- Leader: Yoaz Hendel Zvi Hauser
- Founded: 29 March 2020
- Split from: Telem Blue and White
- Headquarters: Mana St. 11, Tel Aviv
- Ideology: Liberal Zionism; Liberal conservatism;
- Political position: Centre-right
- National affiliation: New Hope (2021–2022)
- Colours: Blue
- Most MKs: 2

Website
- derech-eretz.org.il (archived)

= Derekh Eretz (political party) =

Israeli political party

Derekh Eretz (דרך ארץ) was a centre-right political party in Israel formed in March 2020 by Members of Knesset Yoaz Hendel and Zvi Hauser following their split from the Telem faction. The group was active mainly during the 23rd and 24th Knessets and was later affiliated with the New Hope party.

==History==

=== Background ===
In the March 2020 legislative election, Hendel and Hauser were elected to the Knesset on the Blue and White list.
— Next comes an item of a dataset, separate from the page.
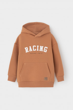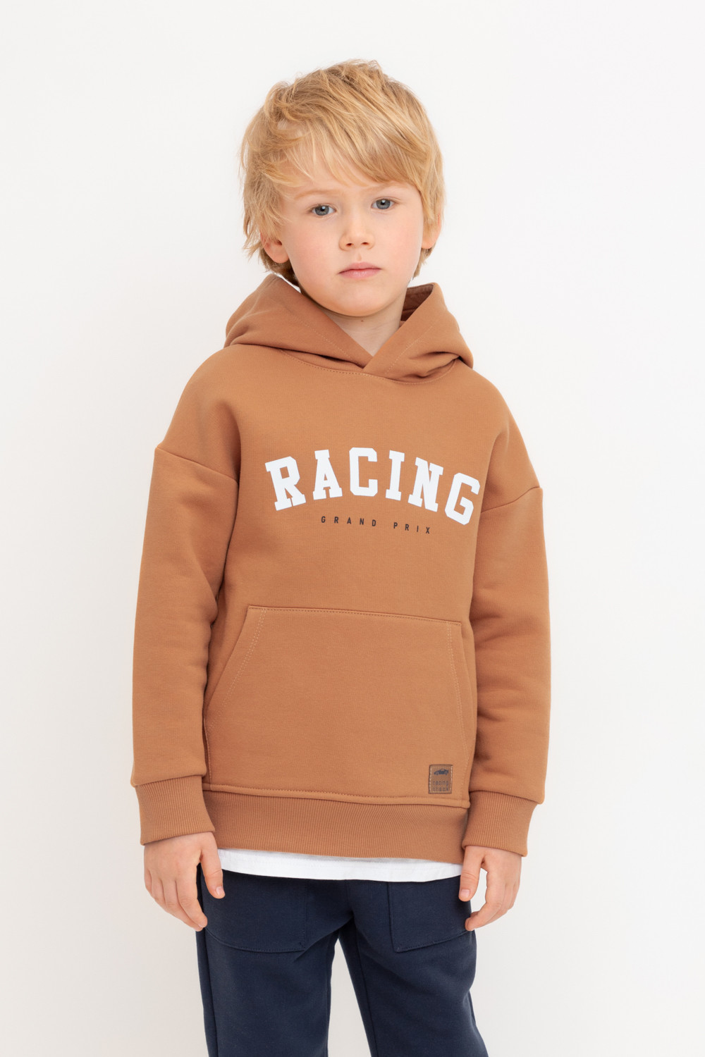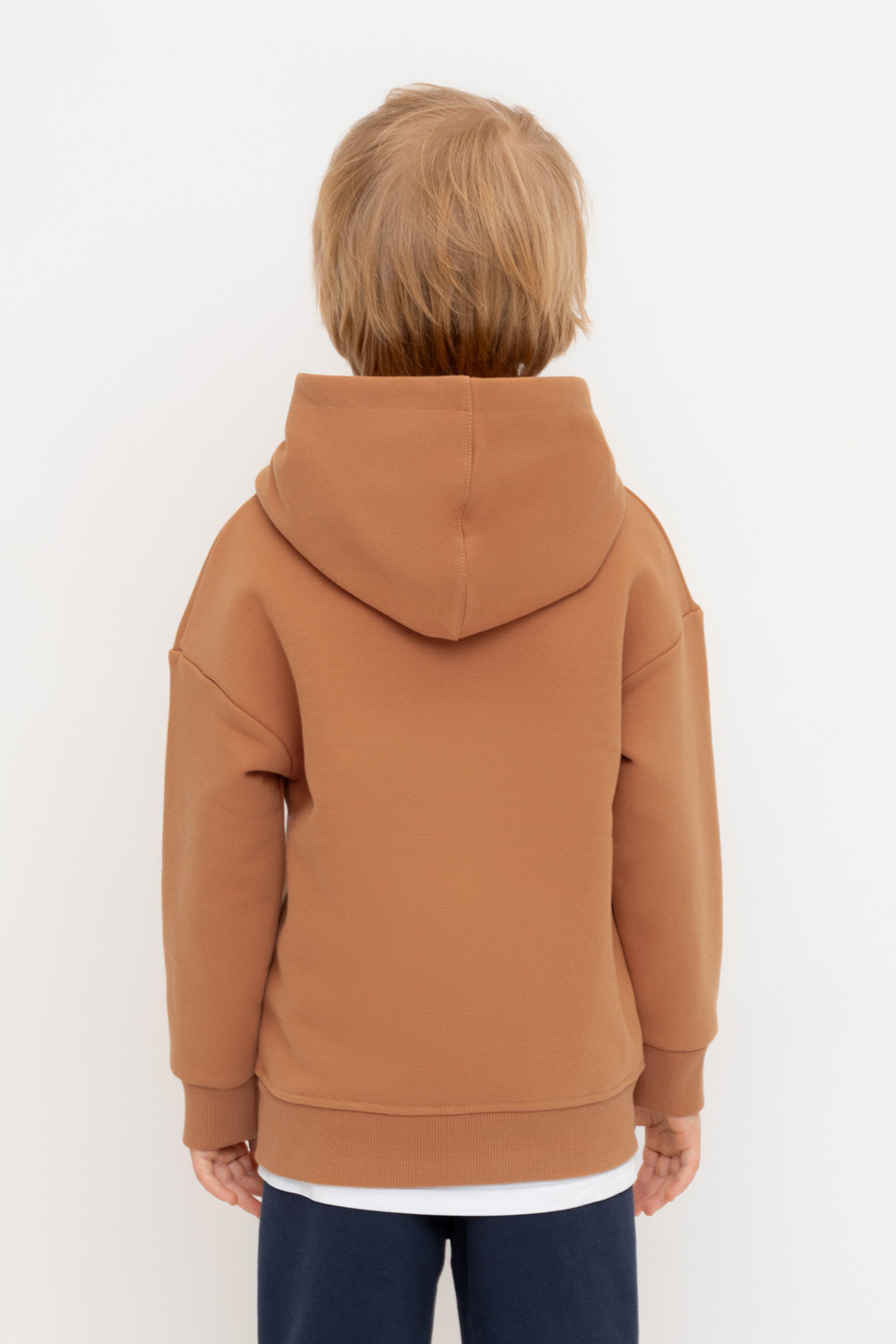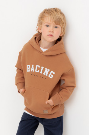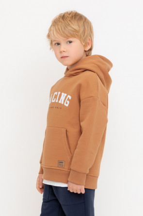 Худи с капюшоном для мальчика из футера трехнитки с начесом. Манжеты и пояс выполнены из эластичного полотна. Спереди удобный карман-кенгуру.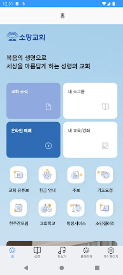 -Communication: Church news, alumni news, administrative service, inquiries, data room, bulletin, construction bidding

Blue and White received 1,220,381 votes and won 33 seats, according to the official results published by the Central Elections Committee. making them the second largest parliamentary group behind the right-wing Likud party.

=== Formation ===
Blue and White, and their leader, Benny Gantz, received the recommendations of a majority of Knesset members to form a government, after the party came in second. However, many in the alliance, including Hauser and Hendel, feared the formation of a minority government with the support of the Joint List. After receiving the recommendations, President Reuven Rivlin formally gave Gantz a mandate to form a government. To that end, Gantz began negotiations to form a unity government with incumbent Prime Minister Benjamin Netanyahu and his Likud party. In response to this development, Yesh Atid, a centrist party in Blue and White led by Yair Lapid, and Ya'alon's Telem party, applied to split their factions from Blue and White. Hauser and Hendel, who supported the alliance's entry into a unity government, applied to split themselves from the Telem party. On 29 March 2020, the House Committee approved the division of Hauser and Hendel from Telem, and the formation of their own faction—Derekh Eretz.

=== Alignment with New Hope ===
Ahead of the 2021 elections, Hendel and Hauser joined Gideon Sa'ar's New Hope party. Both served as Members of Knesset representing New Hope during the 24th Knesset, effectively integrating Derekh Eretz into that political framework.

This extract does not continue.